<<<<

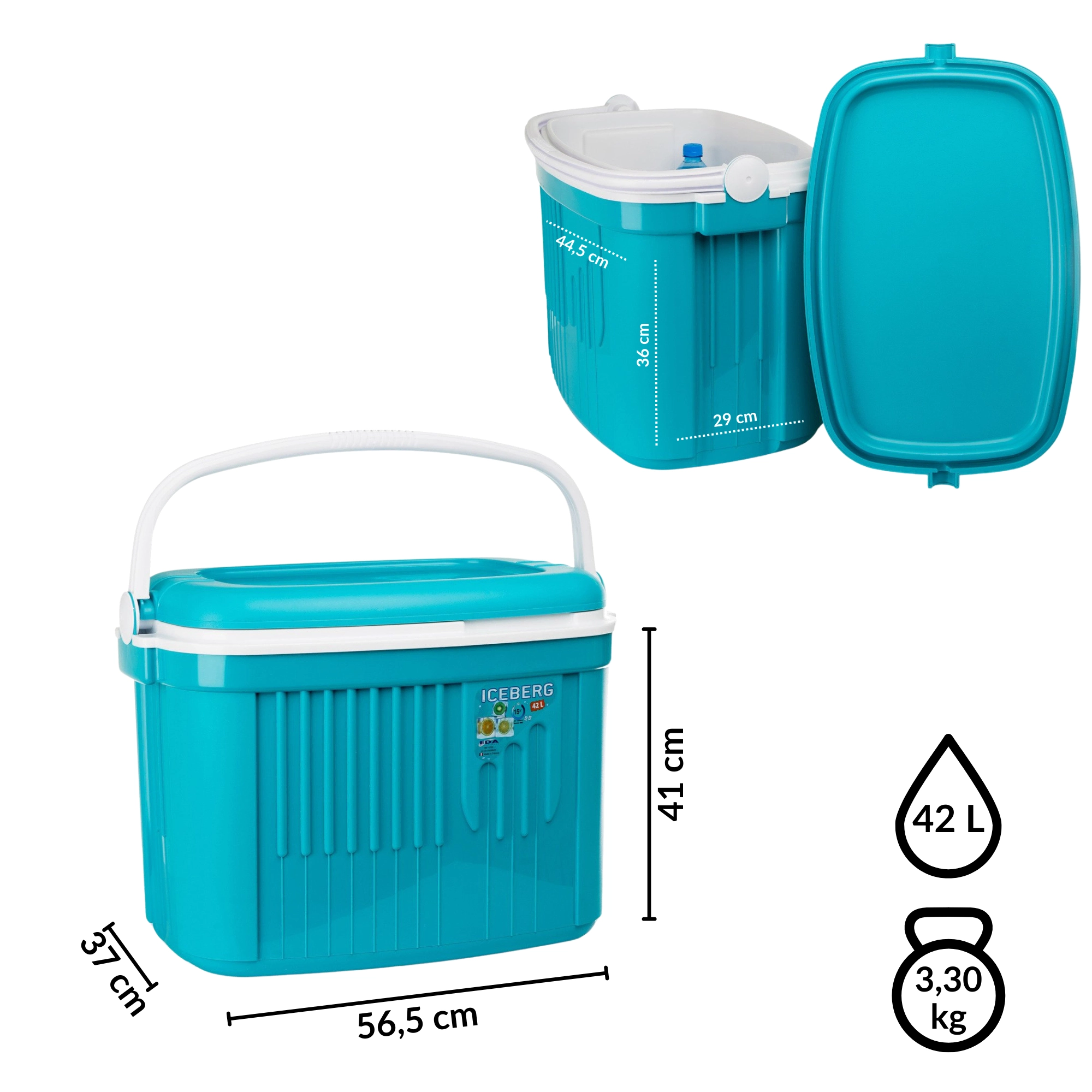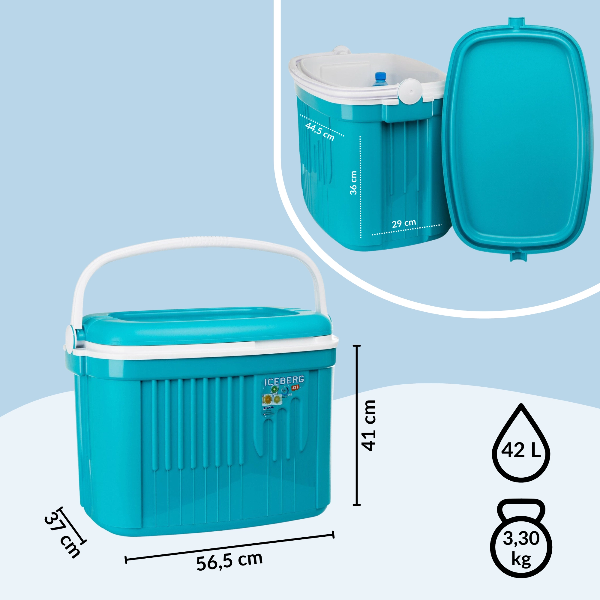 Turystyczna torba chłodząca 42 l KAMAI ICEBERG, turkusowa z białą rączką
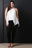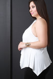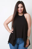 This plus size top features a ribbed knit fabrication, high neck design, sleeveless construction, and asymmetrical sharkbite hemline. Accessories sold separately. Made in U.S.A. 95% Rayon, 5% Spandex.
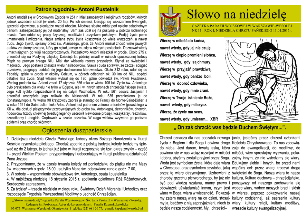 Patron tygodnia– Antoni Pustelnik Antoni urodził się w Środkowym Egipcie w 251 r. Miał zamożnych i religijnych rodziców, których jednak wcześnie stracił (w wieku 20 lat). Po ich śmierci, kierując się wskazaniem Ewangelii, sprzedał ojcowiznę, a pieniądze rozdał ubogim. Młodszą siostrę oddał pod opiekę szlachetnym paniom, zabezpieczając jej byt materialny. Sam zaś udał się na pustynię w pobliżu rodzinnego miasta. Tam oddał się pracy fizycznej, modlitwie i uczynkom pokutnym. Podjął życie pełne umartwienia i milczenia. Nagła zmiana trybu życia kosztowała go wiele wyrzeczeń, a nawet trudu. Jego żywot, spisany przez św. Atanazego, głosi, że Antoni musiał znosić wiele jawnych ataków ze strony szatana, który go nękał, jawiąc mu się w różnych postaciach. Doznawał wtedy umacniających go wizji nadprzyrodzonych. Początkowo Antoni mieszkał w grocie. Około 275 r. przeniósł się na Pustynię Libijską. Dziesięć lat później osiadł w ruinach opuszczonej fortecy Pispir na prawym brzegu Nilu. Miał dar widzenia rzeczy przyszłych. Słynął ze świętości i mądrości. Jego postawa znalazła wielu naśladowców. Sława i cuda sprawiły, że zaczęli ściągać uczniowie, pragnący poddać się jego duchowemu kierownictwu. Około 312 roku, udał się do Tebaidy, gdzie w grocie w okolicy Celzum, w górach odległych ok. 30 km od Nilu, spędził ostatnie lata życia. Stąd właśnie wybrał się do Teb, gdzie odwiedził św. Pawła Pustelnika. Według podania św. Antoni zmarł 17 stycznia 356 roku w wieku 105 lat. Życie św. Antoniego było przykładem dla wielu nie tylko w Egipcie, ale i w innych stronach chrześcijańskiego świata. Jego kult rychło rozprzestrzenił się na całym Wschodzie. W roku 561 cesarz Justynian I przeniósł uroczyście jego relikwie do Aleksandrii. W roku 635 przeniesiono je do Konstantynopola. W wieku XII krzyżowcy zabrali je stamtąd do Francji do Monte-Saint-Didier, a w roku 1491 do Saint Julien koło Arles. Antoni jest patronem zakonu antoninów (powstałego w XII w. dla obsługi pielgrzymów przybywających do grobu św. Antoniego), dzwonników, chorych, hodowców trzody chlewnej (według legendy uzdrowił niewidome prosię), koszykarzy, rzeźników, szczotkarzy i ubogich. Orędownik w czasie pożarów. W ciągu wieków wzywano go podczas epidemii oraz chorób skórnych. Ogłoszenia duszpasterskie 1. Dzisiejsza niedziela Chrztu Pańskiego kończy okres Bożego Narodzenia w liturgii Kościoła rzymskokatolickiego. Chociaż zgodnie z polską tradycją kolędy będziemy śpiewać aż do 2 lutego, to jednak już jutro w liturgii rozpocznie się tzw. okres zwykły – część I – przed Wielkim Postem, przypominający i uobecniający w liturgii publiczną działalność Pana Jezusa. 2. Przypominamy, że w czasie trwania kolędy od poniedziałku do piątku nie ma Mszy św. wieczornych o godz. 18.00 , są tylko Msze św. odprawiane rano o godz. 7.00, 3. W sobotę – wspomnienie obowiązkowe św. Antoniego, opata i pustelnika 4. W najbliższą niedzielę 18 stycznia 2015 r. spotkania opłatkowe Róż Różańcowych. Serdecznie zapraszamy. 5. Za tydzień – trzecia niedziela w ciągu roku, Światowy Dzień Migranta i Uchodźcy oraz rozpoczęcie Tygodnia Powszechnej Modlitwy o Jedność Chrześcijan. „ Słowo na niedzielę” - gazetka Parafii Wojskowej pw. Św. Jana Pawła II w Warszawie -Wesołej. Redaguje ks. Proboszcz. Adres do korespondencji: Parafia Rzymskokatolicka 05-075 Warszawa-Wesoła ul. Okuniewska 1 tel./fax (22) 681 20 77, e-mail: kapelan@wesoła.3.pl Słowo na niedzielę GAZETKA PARAFII WOJSKOWEJ W WARSZAWIE-WESOŁEJ NR 11, ROK I, NIEDZIELA CHRZTU PAŃSKIEGO 11.01.2015r. Wierzę w miłość do końca, nawet wtedy, gdy jej nie czuję. Wierzę w ciepło promieni słońca, nawet wtedy, gdy są chmury. Wierzę w przyjaźń prawdziwą, nawet wtedy, gdy bardzo boli. Wierzę w dobroć człowieka, nawet wtedy, gdy mnie zrani. Wierzę w Twoje istnienie Boże, nawet wtedy, gdy milczysz. Wierzę, że życie ma sens, nawet wtedy, gdy umieram... XBR „ On zaś chrzcić was będzie Duchem Świętym...”. Chrzest oznacza dla nas początek nowego życia z Bogiem i dla Boga i otwiera drogę do nieba. Jest darem, trwałą łaską, która powinna się w nas wciąż rozwijać w miłości i dobru, abyśmy zostali przyjęci przez Boga. Woda jest symbolem życia, które daje wiara w Chrystusa, oraz symbolem czystości, jaką przez tę wiarę otrzymujemy. Uzdrowieni z choroby grzechu pierworodnego, by już nie być pod władzą szatana, mamy prawo i obowiązek uświadamiać innym, czym jest wiara w Boga, wiara w wieczność. Pokazujmy zatem naszą wiarę na co dzień, stosujmy ją, bądźmy z nią zaprzyjaźnieni, niech to będzie nasza codzienność. My, chrześci– janie, jesteśmy przez chrzest członkami Kościoła Chrystusowego. To nas zobowiązuje do ewangelizacji, do modlitwy, do miłości, więc sprostajmy wyzwaniu, pokazujmy innym, że nie wstydzimy się wiary. Edukujmy siebie i innych, bo przed nami wspólny cel: przez wiarę kroczyć drogą świętości do Boga. Nasza wiara to nasza kultura, Kultura duchowa – chrześcijańska, począwszy od naszego zachowania się wobec wiary, wobec naszych braci i sióstr w wierze, poprzez pokazywanie naszej kultury codziennej, aż szerzenia kultury wiary, kultury religii, kultury modlitwy, wreszcie kultury ewangelizacyjnej. Liturgia Słowa na Niedzielę Chrztu Pańskiego I Czytanie Iz 42,1-4.6-7 II Czytanie Dz 10,34-38 Czytanie z Księgi proroka Izajasza To mówi Pan: „Oto mój Sługa, którego podtrzymuję, Wybrany mój, w którym mam upodobanie. Sprawiłem, że Duch mój na Nim spoczął; On przyniesie narodom Prawo. Nie będzie wołał ni podnosił głosu, nie da słyszeć krzyku swego na dworze. Nie złamie trzciny nadłamanej, nie zagasi knotka o nikłym płomyku. On z mocą ogłosi Prawo, nie zniechęci się ani nie załamie, aż utrwali Prawo na ziemi, a Jego p
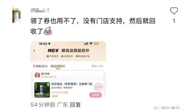 據(jù)悉,大量網(wǎng)友稱通過(guò)美團(tuán)“神搶手”活動(dòng)領(lǐng)取的霸王茶姬“伯牙絕弦”兌換券(價(jià)值17元),短時(shí)間內(nèi)被系統(tǒng)強(qiáng)制收回。部分用戶發(fā)現(xiàn)“附近暫無(wú)可取門(mén)店”,還有些用戶的券直接消失。
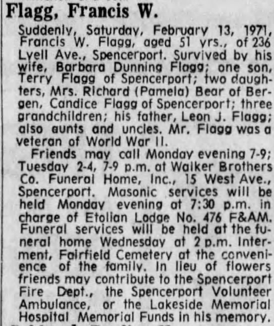 - [S7459] Democrat and Chronicle, Rochester, NY, Newspaper, Francis W Flagg obituary notice, published 16 Feb 1971 p 18.
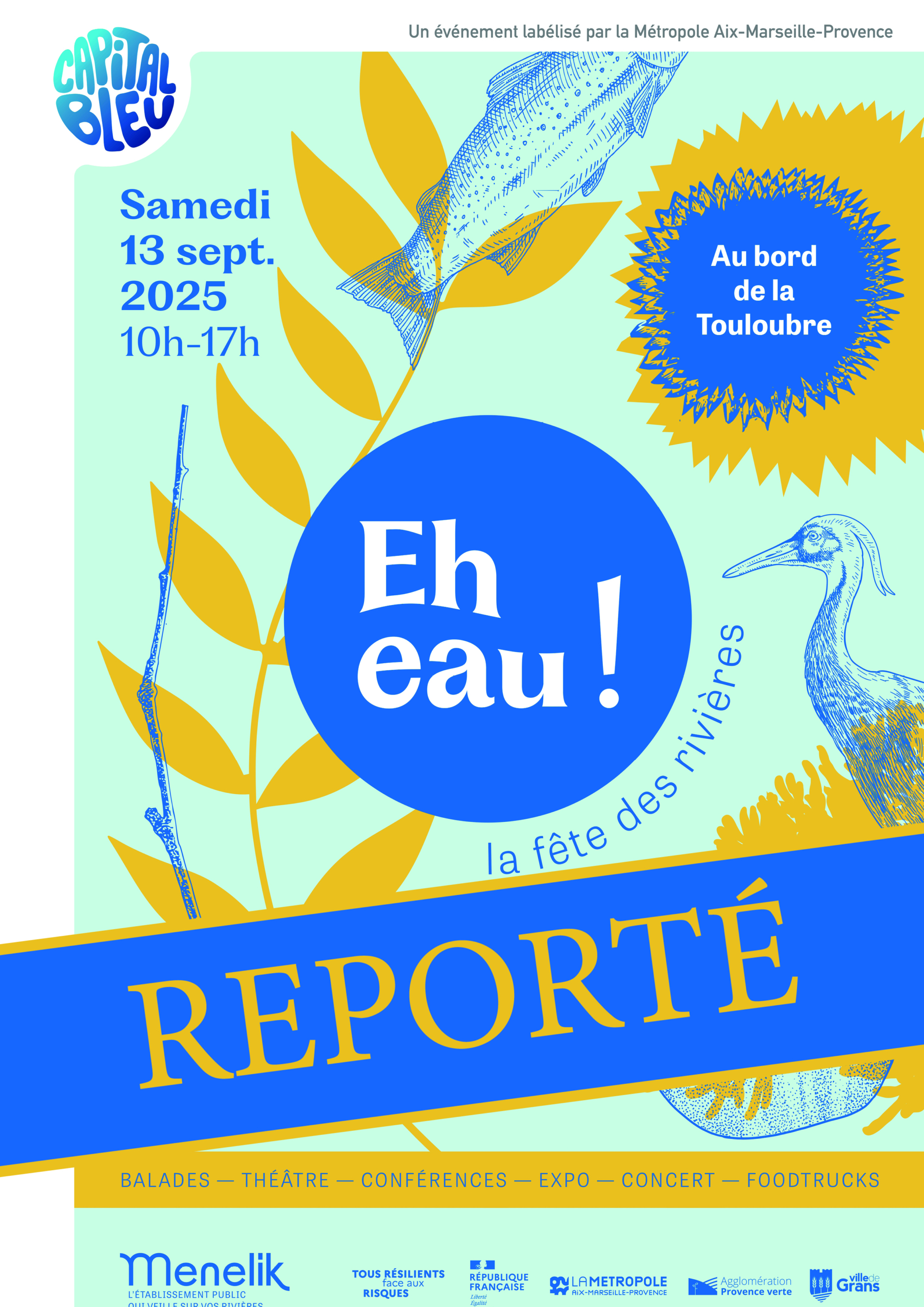 en raison des conditions météorologiques et de la pluie prévues ce samedi 13 septembre, la journée “Eh eau ! Célébrons la Touloubre” avec Ménélik est reportée au printemps prochain

>>>>

### EXERCISE BRIEF
Print again, exactly, the lines of the records above from the first line through the line with "This plus size". No pictures.

### ANSWER TO THE PROBLEM
 Turystyczna torba chłodząca 42 l KAMAI ICEBERG, turkusowa z białą rączką
 This plus size top features a ribbed knit fabrication, high neck design, sleeveless construction, and asymmetrical sharkbite hemline. Accessories sold separately. Made in U.S.A. 95% Rayon, 5% Spandex.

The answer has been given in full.